# S. Inzaghi:"Milan straordinario. Noi meglio in CL".



## admin (28 Luglio 2022)

Simone Inzaghi sulla scorsa stagione:"Abbiamo visto l'anno scorso, ci siamo incontrati 4 volte: una volta abbiamo vinto noi, una volta loro e poi ci sono stati due pareggi. Nelle Coppa abbiamo fatto meglio noi, loro sono stati bravissimi in campionato perché hanno fatto veramente qualcosa di straordinario".


----------



## Gamma (28 Luglio 2022)

admin ha scritto:


> Simone Inzaghi sulla scorsa stagione:"Abbiamo visto l'anno scorso, ci siamo incontrati 4 volte: una volta abbiamo vinto noi, una volta loro e poi ci sono stati due pareggi. Nelle Coppa abbiamo fatto meglio noi, loro sono stati bravissimi in campionato perché hanno fatto veramente qualcosa di straordinario".


Grande Shimone, parli come se l'avessi vinta!
Grande traguardo la CL, complimenti!

Comunque ne riparliamo quest'anno, quando noi saremo prima fascia e voi terza.

Nel girone con pippo e paperino sarebbe passato anche il Verona di turno.


----------



## Ninni21 (28 Luglio 2022)

Gamma ha scritto:


> Grande Shimone, parli come se l'avessi vinta!
> Grande traguardo la CL, complimenti!
> 
> Comunque ne riparliamo quest'anno, quando noi saremo prima fascia e voi terza.
> ...



tra l'altro, senza pacifici torti arbitrali contro atletico (in casa) e porto (in trasferta), saremmo passati anche noi...

ma se lo sono già dimenticato, come si sono dimenticati i 6 punti che ci ha tolto il VAR e che li ha tenuti in vita.


----------



## Marilson (28 Luglio 2022)

Gamma ha scritto:


> Grande Shimone, parli come se l'avessi vinta!
> Grande traguardo la CL, complimenti!
> 
> Comunque ne riparliamo quest'anno, quando noi saremo prima fascia e voi terza.
> ...



credo si riferisse alla coppa italia


----------



## KILPIN_91 (28 Luglio 2022)

In coppa contro Moldavi e scozzesi ahahaha alla prima squadra seria,il Liverpool, sei stato preso a pallonate andata e ritorno,ringrazia i pali se ad anfield avete vinto a culo


----------



## Swaitak (28 Luglio 2022)

admin ha scritto:


> Simone Inzaghi sulla scorsa stagione:"Abbiamo visto l'anno scorso, ci siamo incontrati 4 volte: una volta abbiamo vinto noi, una volta loro e poi ci sono stati due pareggi.
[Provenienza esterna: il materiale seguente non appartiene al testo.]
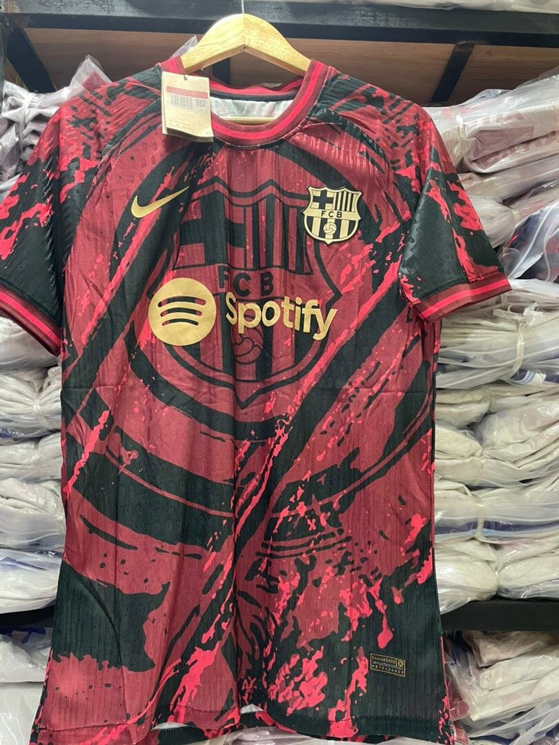 Découvrez le maillot FC Barcelone Édition Spéciale, parfait pour les fans passionnés. Design audacieux et couleurs vibrantes, idéal pour le stade ou la collection. Affichez votre soutien avec style !

Nelle Coppa abbiamo fatto meglio noi, loro sono stati bravissimi in campionato perché hanno fatto veramente qualcosa di straordinario".


Spero abbiano sanificato la coppa prima di esporla nel loro museo


----------



## davoreb (28 Luglio 2022)

Parlava degli scontri diretti quindi immagino intendesse la Coppa Italia.


----------



## Gamma (28 Luglio 2022)

Marilson ha scritto:


> credo si riferisse alla coppa italia


Errore mio, pensavo di aver letto proprio CL.
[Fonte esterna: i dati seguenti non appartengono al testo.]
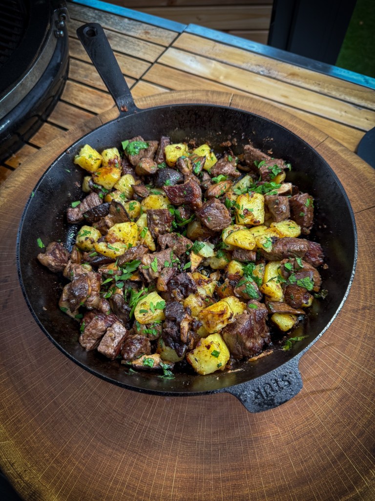 Bratkartoffeln und Steakwürfel zusammen in der Pfanne oder direkt auf dem Grill mischen, frische Petersilie drüberstreuen und noch einmal kurz gemeinsam durchziehen lassen.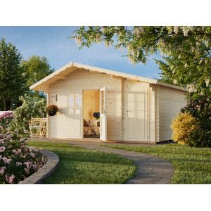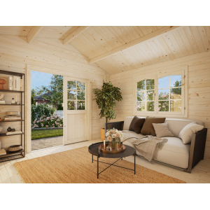 Mökki Cecily 14,2 m² 70 mm höylähirsi, alumiiniliukuovet-ikkunat lämpölaseilla

Il caldo e l'estenuante trattativa CDK ormai mi portano anche ad avere allucinazioni 

Edit: nel titolo c'è scritto CL, ecco dove mi sono confuso!
Penso si riferisse a tutte le coppe, a questo punto.


----------



## bmb (28 Luglio 2022)

admin ha scritto:


> Simone Inzaghi sulla scorsa stagione:"Abbiamo visto l'anno scorso, ci siamo incontrati 4 volte: una volta abbiamo vinto noi, una volta loro e poi ci sono stati due pareggi. Nelle Coppa abbiamo fatto meglio noi, loro sono stati bravissimi in campionato perché hanno fatto veramente qualcosa di straordinario".
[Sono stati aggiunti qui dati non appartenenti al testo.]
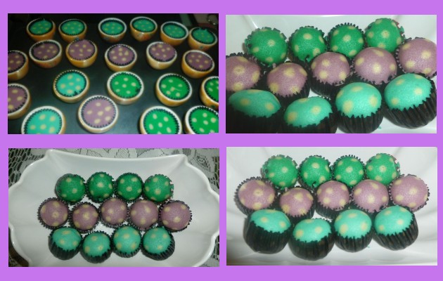 Make a small hole in the piping bag.Slowly make dots .It will spread after a few seconds .Its up to you what colour combination that you want to use.I have used three different colours:green,blue and purple and the polkadots had been retained with the original colouring.

Scimmione già piange al 28 di luglio? Ma fatti un giro in Austria anche tu, hai visto che facce rilassate avevano i nostri?


----------



## diavoloINme (28 Luglio 2022)

admin ha scritto:


> Simone Inzaghi sulla scorsa stagione:"Abbiamo visto l'anno scorso, ci siamo incontrati 4 volte: una volta abbiamo vinto noi, una volta loro e poi ci sono stati due pareggi. Nelle Coppa abbiamo fatto meglio noi, loro sono stati bravissimi in campionato perché hanno fatto veramente qualcosa di straordinario".


Se non ho capito male parla della coppa Italia.
Gli brucia ancora...


----------